Their roots stabilize the soil along waterways, reducing erosion. The trees provide shade for the stream which can help reduce the water temperature.
The stabilization of the vegetation slows down the water so that it can better infiltrate the aquifer. They also help filter pollutants like nitrogen and phosphorus, while providing habitat for birds and terrestrial animals as well as fish and aquatic insects in the water.
People come to Bitterroot from all over for our world class fishing. To help keep the water clean, anglers can access the stream from designated access points to avoid impacts on established vegetation.
You can reduce the risk of transporting aquatic invasive species by using the “clean, drain, dry” method for all boats and equipment. As with hikers, pack what you pack and follow the principles of leaving no trace.
The Bitter Root Water Forum is also here to help. We work in partnership with landowners to find solutions that meet their needs and at the same time benefit water resources. Along Burnt Fork, we work with Jay Meyer on his family ranch.

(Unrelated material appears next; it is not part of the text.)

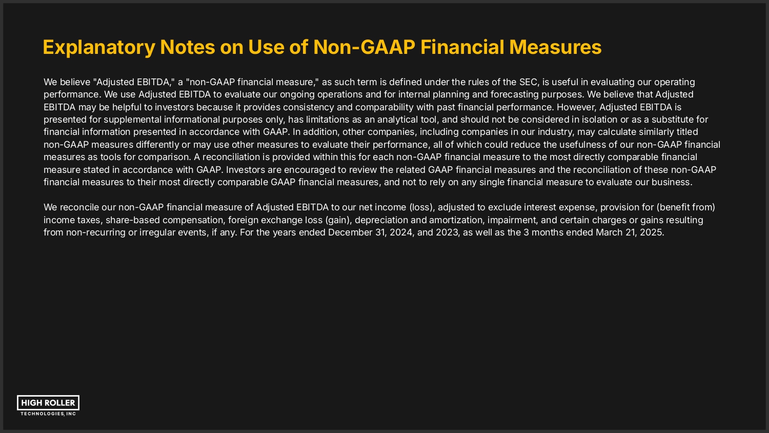 Explanatory Notes on Use of Non-GAAP Financial Measures We believe "Adjusted EBITDA," a "non-GAAP financial measure," as such term is defined under the rules of the SEC, is useful in evaluating our operating performance. We use Adjusted EBITDA to evaluate our ongoing operations and for internal planning and forecasting purposes. We believe that Adjusted EBITDA may be helpful to investors because it provides consistency and comparability with past financial performance. However, Adjusted EBITDA is presented for supplemental informational purposes only, has limitations as an analytical tool, and should not be considered in isolation or as a substitute for financial information presented in accordance with GAAP. In addition, other companies, including companies in our industry, may calculate similarly titled non-GAAP measures differently or may use other measures to evaluate their performance, all of which could reduce the usefulness of our non-GAAP financial measures as tools for comparison. A reconciliation is provided within this for each non-GAAP financial measure to the most directly comparable financial measure stated in accordance with GAAP. Investors are encouraged to review the related GAAP financial measures and the reconciliation of these non-GAAP financial measures to their most directly comparable GAAP financial measures, and not to rely on any single financial measure to evaluate our business. We reconcile our non-GAAP financial measure of Adjusted EBITDA to our net income (loss), adjusted to exclude interest expense, provision for (benefit from) income taxes, share-based compensation, foreign exchange loss (gain), depreciation and amortization, impairment, and certain charges or gains resulting from non-recurring or irregular events, if any. For the years ended December 31, 2024, and 2023, as well as the 3 months ended March 21, 2025.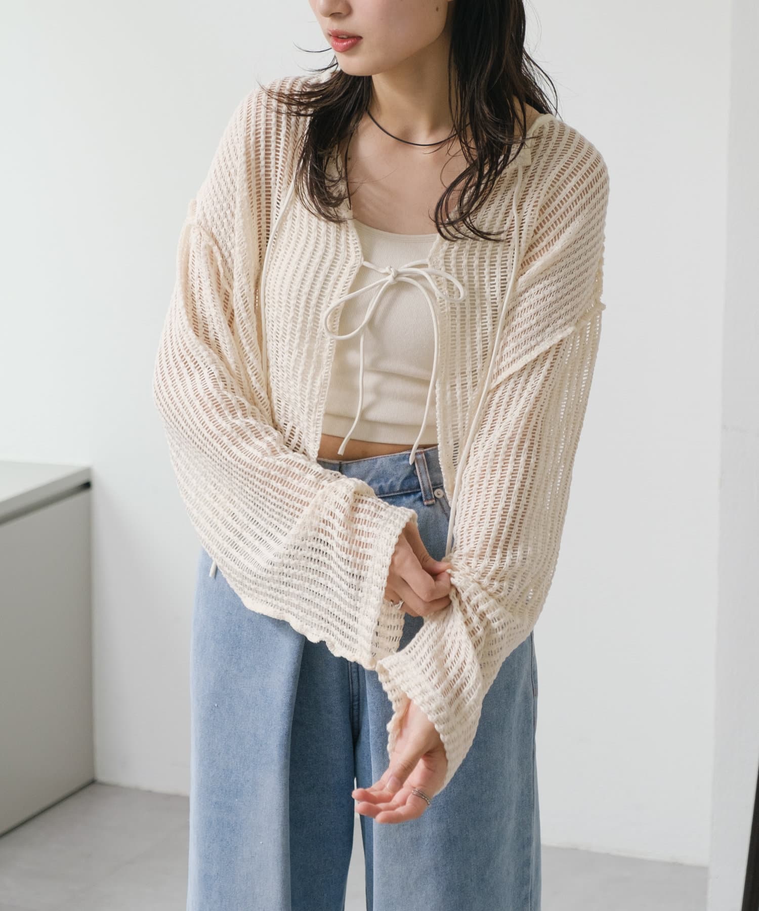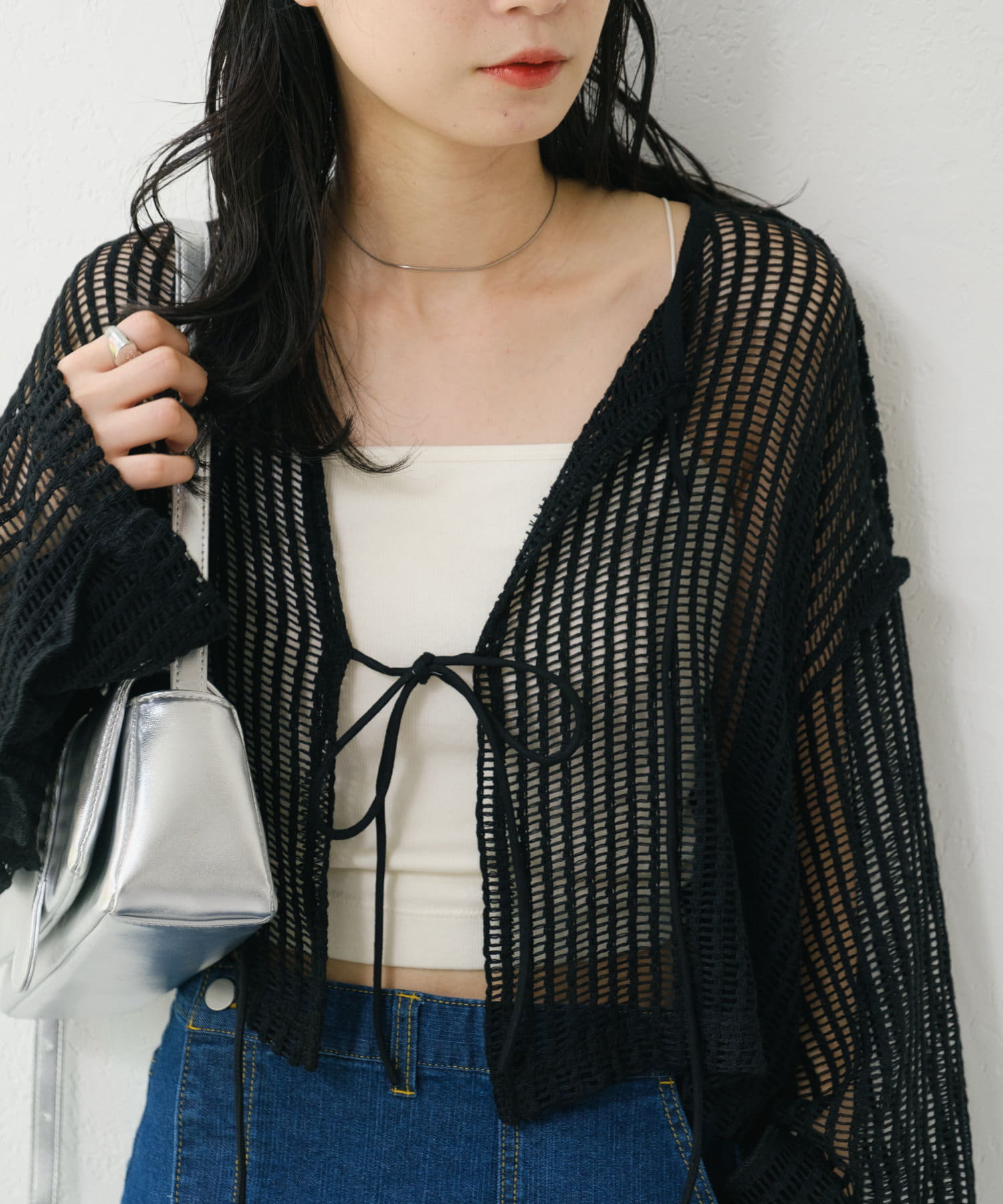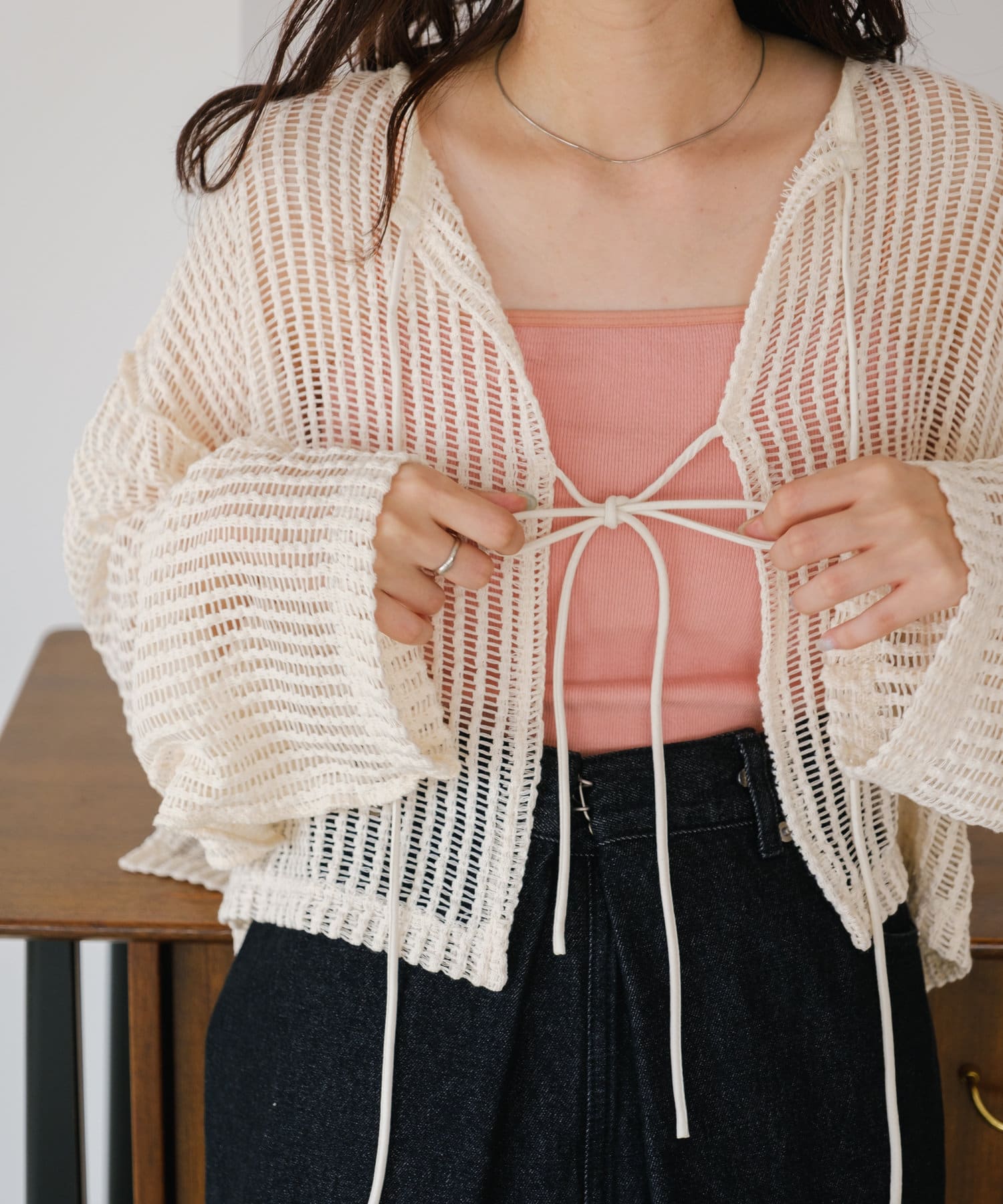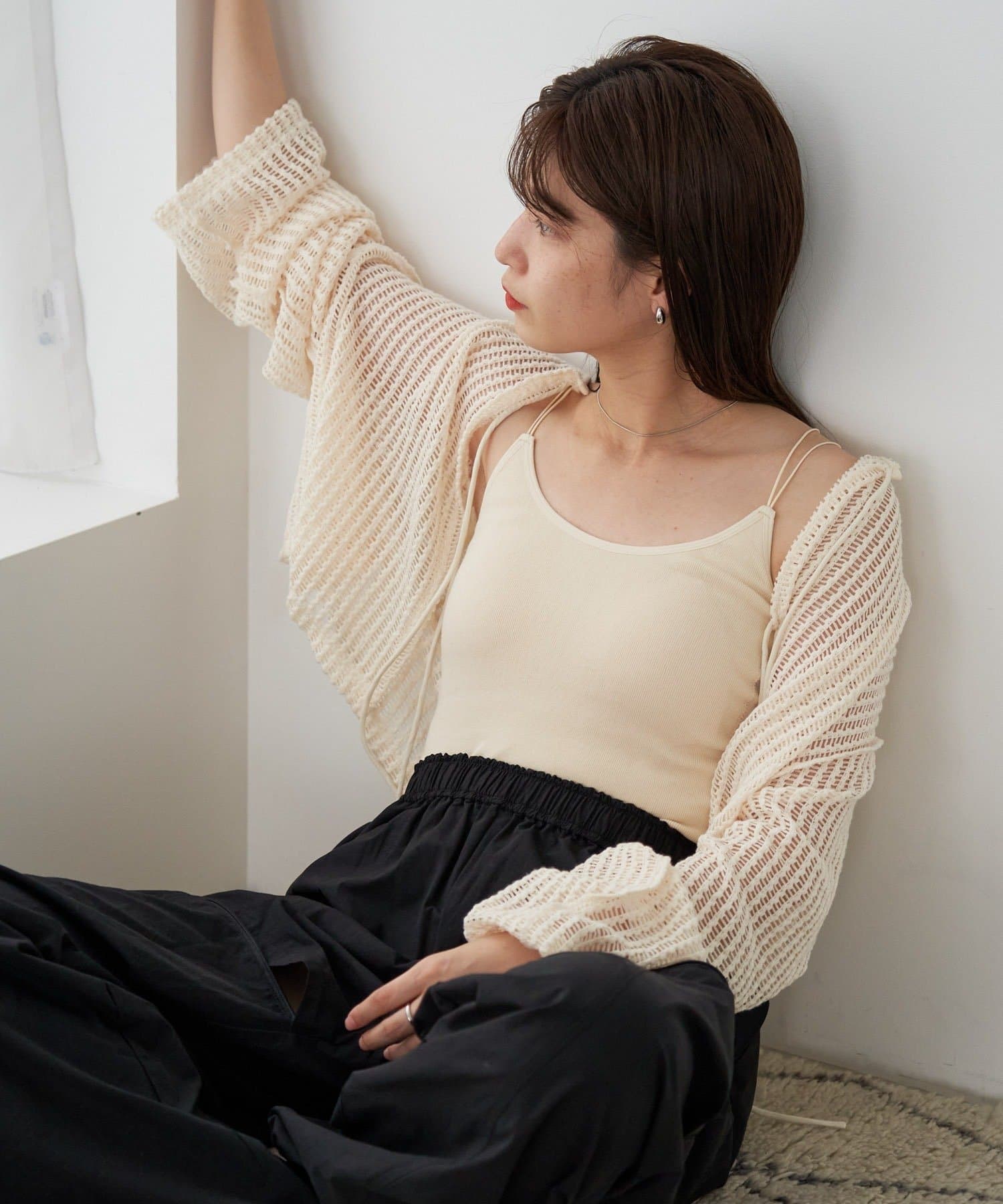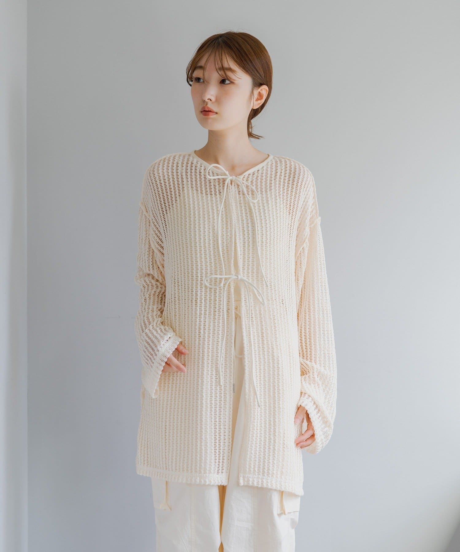 キャミソールやタンクトップと合わせて透け感を楽しんでいただくのがおすすめ。

They had problems with erosion along the creek and the North Burnt Fork is suffering from too much sediment, so we worked together to find a way to make things better for everyone. To encourage the growth of stabilizer vegetation, we have added fences along the creek that will help protect plants from wildlife and livestock. An offsite watering system and hardened stream crossings were installed to help make their rotational grazing operation even more efficient and reduce erosion along the riverbanks.